* **Task details**
The required output is every line from the one containing "While there are" through the last line of the listing below, copied exactly, pictures excluded.

* **Records supplied**

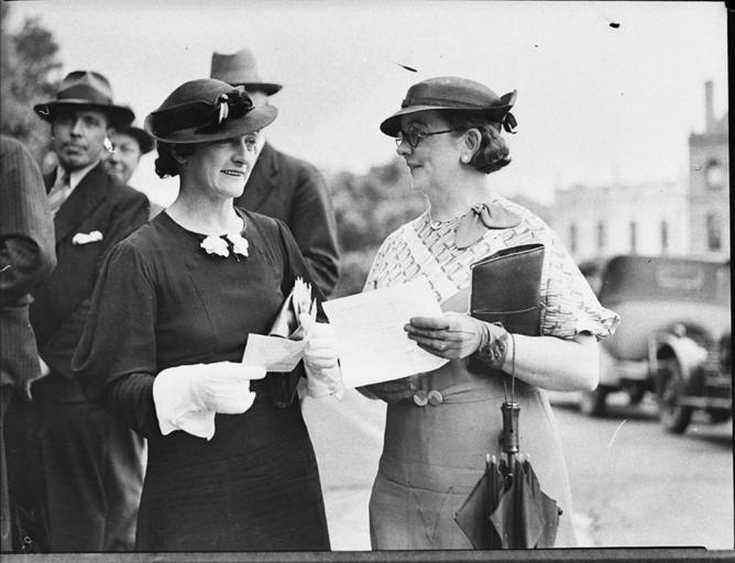 | Keywords: SLNSW 14182 Justices of the Peace sworn in Two women holding papers outside Court of Quarter Sessions.jpg en Justices of the Peace sworn in Two women holding papers outside Court of Quarter Sessions 16/2/1935 http //www acmssearch sl nsw gov au/search/itemDetailPaged cgi itemID 14182 item <br/>http //www acmssearch sl nsw gov au/search/itemDetailPaged cgi itemID 37473 album <br/>http //www acmssearch sl nsw gov au/search/itemDetailPaged cgi itemID 395018 collection Creator Sam Hood This image may be used freely without requesting permission The State Library of New South Wales http //www acmssearch sl nsw gov au/search/itemPopLarger cgi itemID 14182 requests acknowledgement that the image is from the collections of the State Library of NSW User 99of9/SLNSW_extra_metadata_template 14182 Justices of the Peace sworn in Two women holding papers outside Court of Quarter Sessions Home and Away - 11848 16/2/1935 Photographs 32812 images copied from glass and cellulose nitrate photonegatives The Library first purchased a large collection of negatives from Gladys Hood in 1972 This collection which included nitrate negatives which have subsequently been copied at DG 0N4 NCY 28-61 was transferred to a videodisc in 1991 and each image indexed individually Ted Hood assisted with the indexing; images were also identified using surviving studio registers The videodisc known as the Home Away disc or simply the Hood collection was digitised in 1996 and mounted on the Internet with upgraded index records via the online catalogue in December 1998 Purchased from Gladys Hood 1972 Copyright restrictions may apply - Photographs in this collection created before 1955 are all out of copyright Photographs created after 1955 are in copyright for the life of creator plus 70 years ; Please acknowledge - Mitchell Library State Library of New South Wales and Courtesy copyright holder 395018 Sam Hood photographic collection 1916-ca 1955 Approximately 44 800 negatives ; 7 309 photographic prints ; 3 boxes of textual material ; 6 film reels The Library first purchased a large collection of negatives from Gladys Hood in 1972 This collection which included nitrate negatives which have subsequently been copied at DG 0N4 NCY 28-61 was transferred to a videodisc in 1991 and each image indexed individually Ted Hood assisted with the indexing; images were also identified using surviving studio registers The videodisc known as the Home Away disc or simply the Hood collection was digitised in 1996 and mounted on the Internet with upgraded index records via the online catalogue in December 1998 ; Another collection from Sam Hood's studio was purchased in 1993 from Gladys Hood's descendants This comprised 7300 photoprints PXE 789 and ca 12000 negatives ON 204 Digitisation of important photographs in PXE 789 began Mar 2002 but ON 204 has not been digitised and must be viewed at the Library Samuel J Hood's 1872-1953 claimed to have been born 1870 but the South Australian Birth Index gives date as 20 August 1872 His career as a photographer began in the 1880s ; He ran a successful business in ships portraits these negatives are now held by the Australian National Maritime Museum Sydney and portraits of people in the late nineteenth - early twentieth century The State Library has little representation of this period In 1918 he acquired the Dalny Studio at 124 Pitt Street and began to expand his business into press photography providing photographs for the Sydney Mail the Australasian the Daily Guardian the Daily Telegraph Pictorial the Labor Daily the Sun the Daily News and the Sydney Morning Herald Press photography increasingly came to dominate his business and in 1934 he joined the Labor Daily for a short time as a full-time photographer engaging other staff to look after his studio ; By the mid-1930s most newspapers employed their own photographers and Hood's commissions from the papers began to decline Hood sought other kinds of commissions and won a number of long term advertising and commercial contracts He contributed a number of photographs of Sydney buildings and streets to Building Construction and Australasian Engineer during the late 1930s and early 1940s Hood also had extensive contacts in the entertainment industry who called upon him to document celebrity events and stars as well as theatre advertising Throughout his career he worked at the stock-in-trade for commercial photographers portraits weddings and even funerals ; A number of photographers worked for Dalny Studio some of these include Ernie Bowen Gus Daley Jack Lazern Lethington Maitland as well as Sam's own children Gladys and Ted ; For detailed biographical information about photographer Sam Hood see Sydney exposures through the eyes of Sam Hood his Studio 1925-1950 / Alan Davies Sydney State Library of New South Wales 1991 Out of copyright - Created before 1955 Photographs ; Please acknowledge - Mitchell Library State Library of New South Wales advertising photography; commercial photography; photojournalism 395018 Original item no NCY33/238 yes no PD-Australia PD-1996 Australia Images from the State Library of NSW album 37473 SLNSW media uploaded by User 99of9 Photographs by Sam Hood Fashion in 1935 Women with hats |
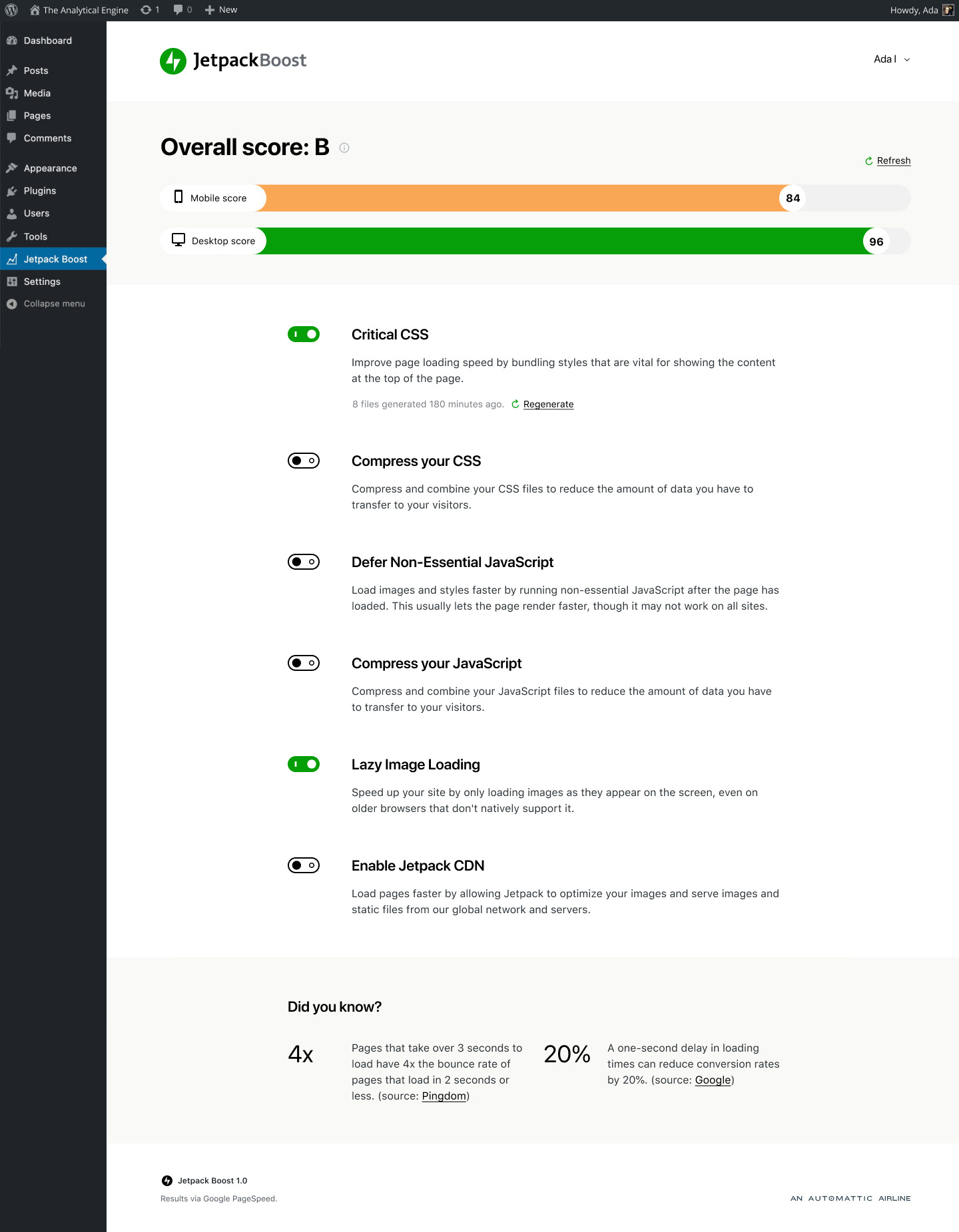 While there are many techniques that can be used to improve site speed and performance, it can be challenging to quickly get to the root of the problem. If you’re at a loss for where to begin, a plugin like Jetpack Boost can identify areas of improvement and automatically resolve many of the major issues affecting your site’s performance.
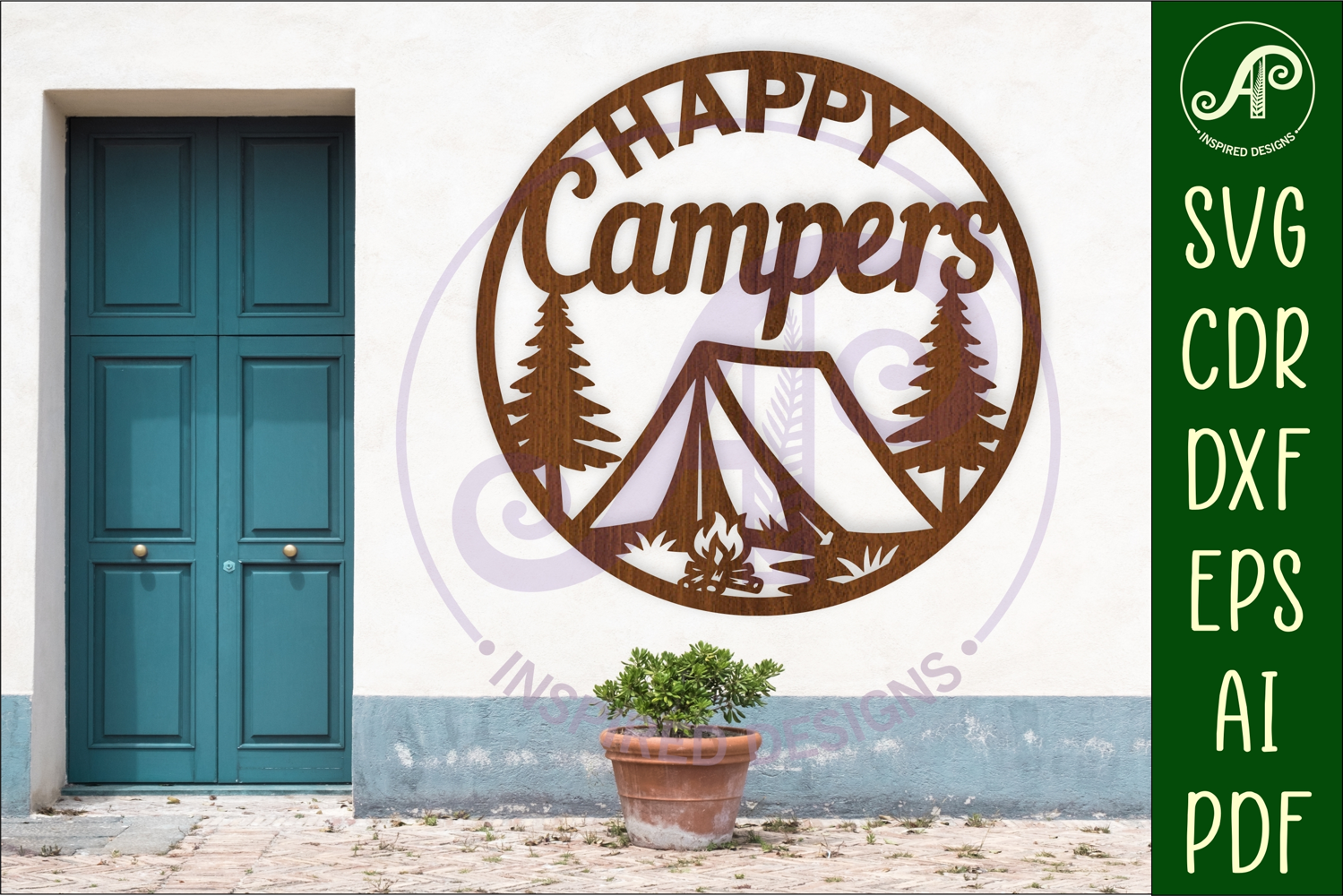 Vector Cutting File Laser Cut Template Laser Cut Sign Outdoor Decor Svg Wall Art Sign Laser Cut Cutting Machine Sign Svg Happy Campers Wall Sign Caravan Theme Heart Camping Theme Decor Happy Campers Tent Decor
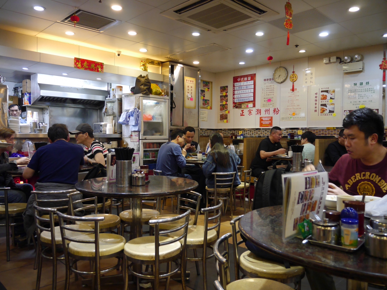 ガヤガヤの店内香港のマストなグルメ雲呑麺
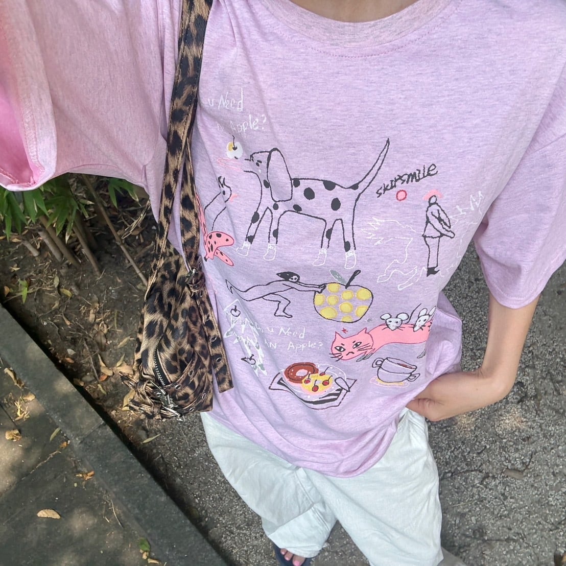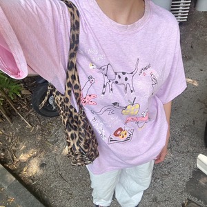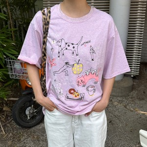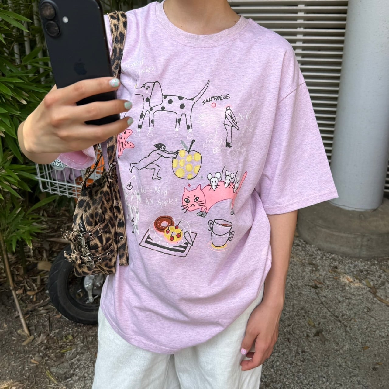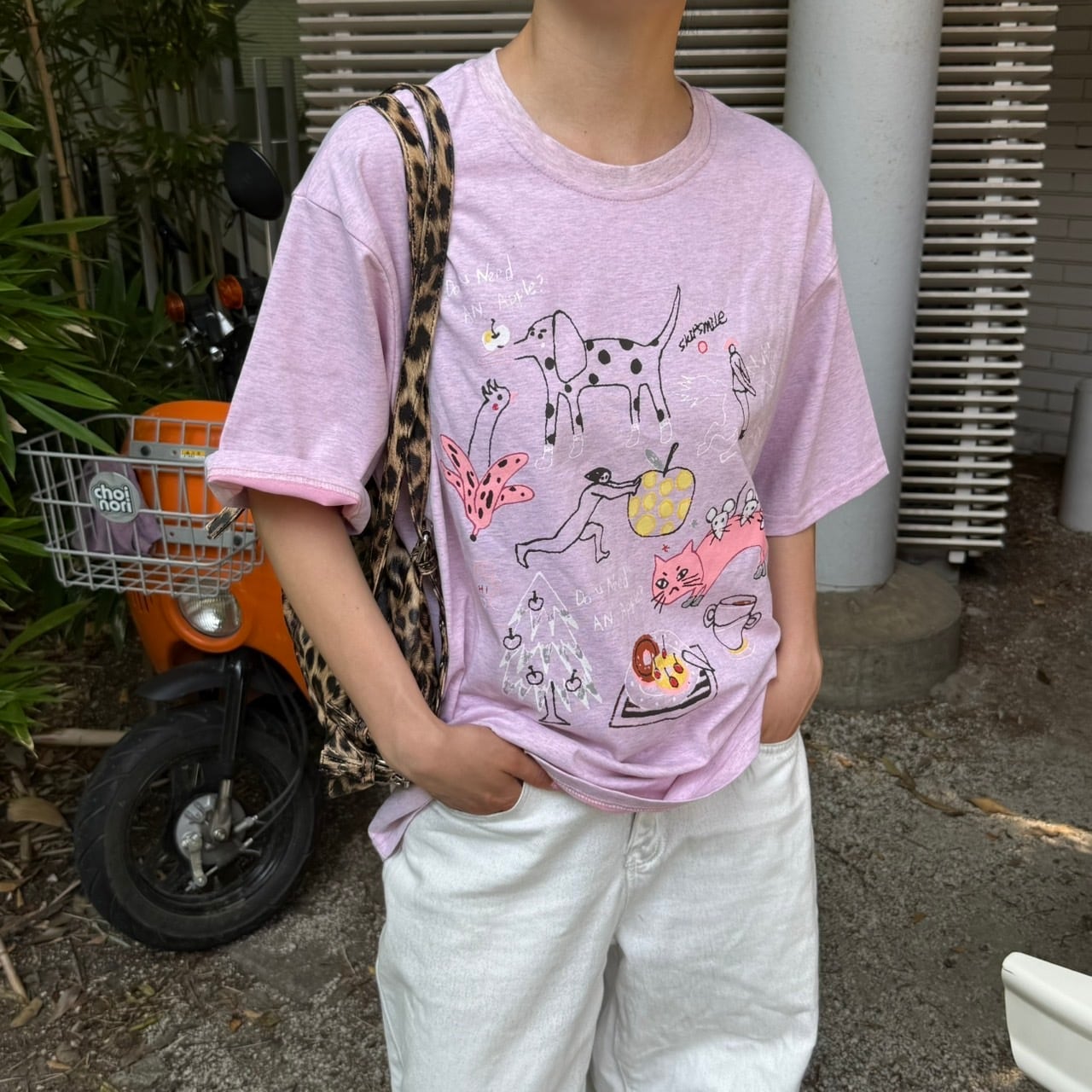 淡いピンクのカラーが中々見ない色で、Tシャツに直接お絵描きしたようなイラストがユニークなデザイン性ばっちりの1枚★薄すぎず、厚手すぎないしっかりとした生地のTシャツです。ペラッとしていないので、このユニークさがありながら、高級感も見られるような印象があります。

* **Finished exercise**
 While there are many techniques that can be used to improve site speed and performance, it can be challenging to quickly get to the root of the problem. If you’re at a loss for where to begin, a plugin like Jetpack Boost can identify areas of improvement and automatically resolve many of the major issues affecting your site’s performance.
 Vector Cutting File Laser Cut Template Laser Cut Sign Outdoor Decor Svg Wall Art Sign Laser Cut Cutting Machine Sign Svg Happy Campers Wall Sign Caravan Theme Heart Camping Theme Decor Happy Campers Tent Decor
 ガヤガヤの店内香港のマストなグルメ雲呑麺
 淡いピンクのカラーが中々見ない色で、Tシャツに直接お絵描きしたようなイラストがユニークなデザイン性ばっちりの1枚★薄すぎず、厚手すぎないしっかりとした生地のTシャツです。ペラッとしていないので、このユニークさがありながら、高級感も見られるような印象があります。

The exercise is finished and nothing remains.